Processing survey images and testing the overall time using various endpoint storages

Configuration

This benchmarking code must be cloned into your homespace
This has now been updated to use mulitprocessing, to edit how many processes you have to change "-j 8" in the gen.sh scripts for all of pipetask operations (multiband, processccd and coaddtions)
Step 1 : Setting up the latest lsst environment
- Installing the newinstall.sh and eups distrib
  - The eups distirb is updated weekly and the newinstall scripts is update less frequently but if you notice that eups install doesn't fully excuted you'll need to redownload the latest version of the newinstall
  - Make an installation directory:
    - run: mkdir -p lsst_stack
    - run: cd lsst_stack
  - Run newinstall.sh
    - Make sure you get the latest tag (https://github.com/lsst/lsst/tags)
    - run: curl -OL https://raw.githubusercontent.com/lsst/lsst/w.2021.34/scripts/newinstall.sh
    - run: unset LSST_HOME EUPS_PATH LSST_DEVEL EUPS_PKGROOT REPOSITORY_PATH
    - run: bash newinstall.sh -ct
    - We recommend that you opt into the provided Miniconda Python environment (see https://pipelines.lsst.io/v/weekly/install/newinstall.html). Then load the LSST software environment into your shell:
      - run: source loadLSST.bash # for bash
      - run: source loadLSST.csh # for csh
      - run: source loadLSST.ksh # for ksh
      - run: source loadLSST.zsh # for zsh
  - Install Science Pipelines packages
    - The LSST Science Pipelines is distributed as the lsst_distrib EUPS package.
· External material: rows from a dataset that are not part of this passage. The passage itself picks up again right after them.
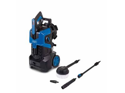 Scheppach HCE3000 električni perač visokim pritiskom savršen je dodatak za kuću, dvorište ili gradilište. Snažni motor snage 2400 W stvara maksimalni pritisak od 180 bara, čime pouzdano uklanja tvrdokornu prljavštinu, alge ili mahovinu sa prilaza, površina, terasa, vozila ili vrtnog namještaja. Mlaz visokog pritiska može se podešavati pomoću višenamjenske mlaznice za visoki pritisak i deterdžent, a radni pritisak prikazuje se na dršci pištolja. Automatsko uključivanje i isključivanje motora dodatno smanjuje potrošnju vode i energije.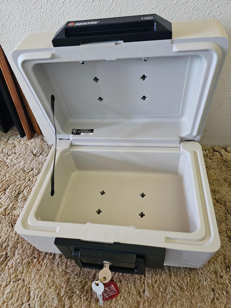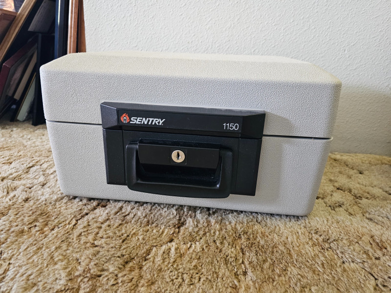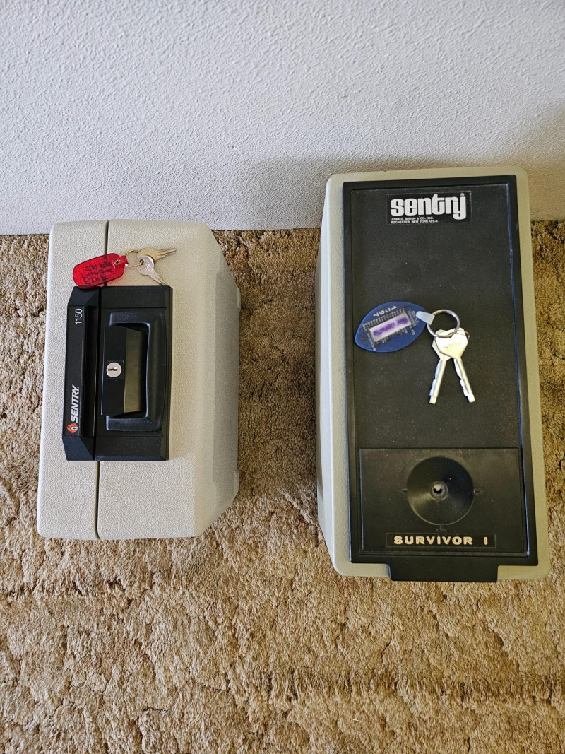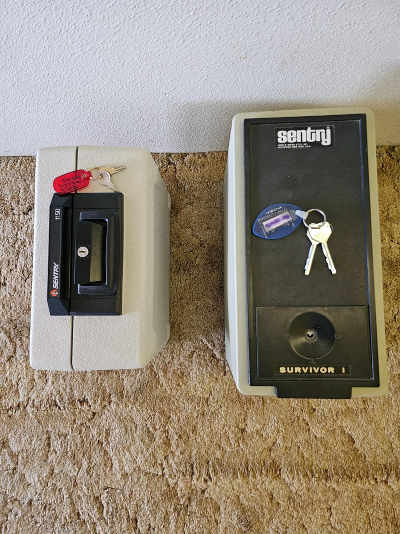 (2) Sentry Personal Firesafes Sentry Survivor 1 Personal Firesafe (topload) 13.5"T x 15.5W x 8"D Sentry 1150 Personal Firesafe (topload with handle) 8"T x 14"W x 9.5"D Both include 2 keys and locks work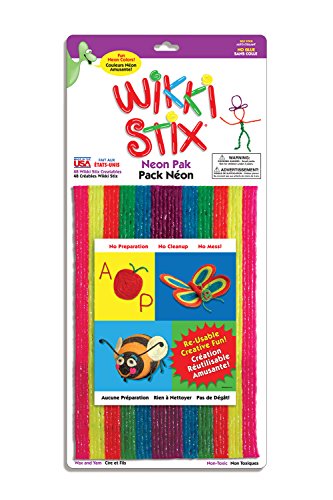Bilingual Neon Colors (English and French) The Original Neon Wikki Stix! Includes 48 eight-inch Wikki Stix in six hot neon colors plus illustrations, play and craft ideas on the back. Perfect for home, school, playtime and more. Colors include: Hot pink, Brite Yellow, Tangerine Orange, Lime Green, Electric Blue and Bright Purple. Wikki Stix are the timeless toy for hands-on fun and traditional play. Plus perfect for educational activities and class projects. More fun than a toy. More creative than a craft! Widely used in schools, Wikki Stix conform to ASTM D-4236 and all CPSIA safety regulations. Recommended for ages 3 and up. This no-frills package offers lots of Wikki Stix creativity! Package information is totally Bilingual.Feature

Install the current version, w_latest:
      - run: eups distrib install -t w_latest lsst_distrib
      - run: curl -sSL https://raw.githubusercontent.com/lsst/shebangtron/master/shebangtron | python
      - run: setup lsst_distrib
      - run: setup lsst_apps
Step 2 : Changing the configuration of obs_subaru and meas_base package
- Bright object mask error solution
  - path to repo (Note: this is a guide to the path, your path is likely to be a tiny bit different (different numbers))cd ~/lsst_stack/stack/miniconda3-py38_4.9.2-0.6.0/Linux64/obs_subaru/22.0.1-20-g904645ea+7c6b33a4e9/config/
  - Within this repository there is the "measureCoaddSources.py" and "forcedPhotCoadd.py"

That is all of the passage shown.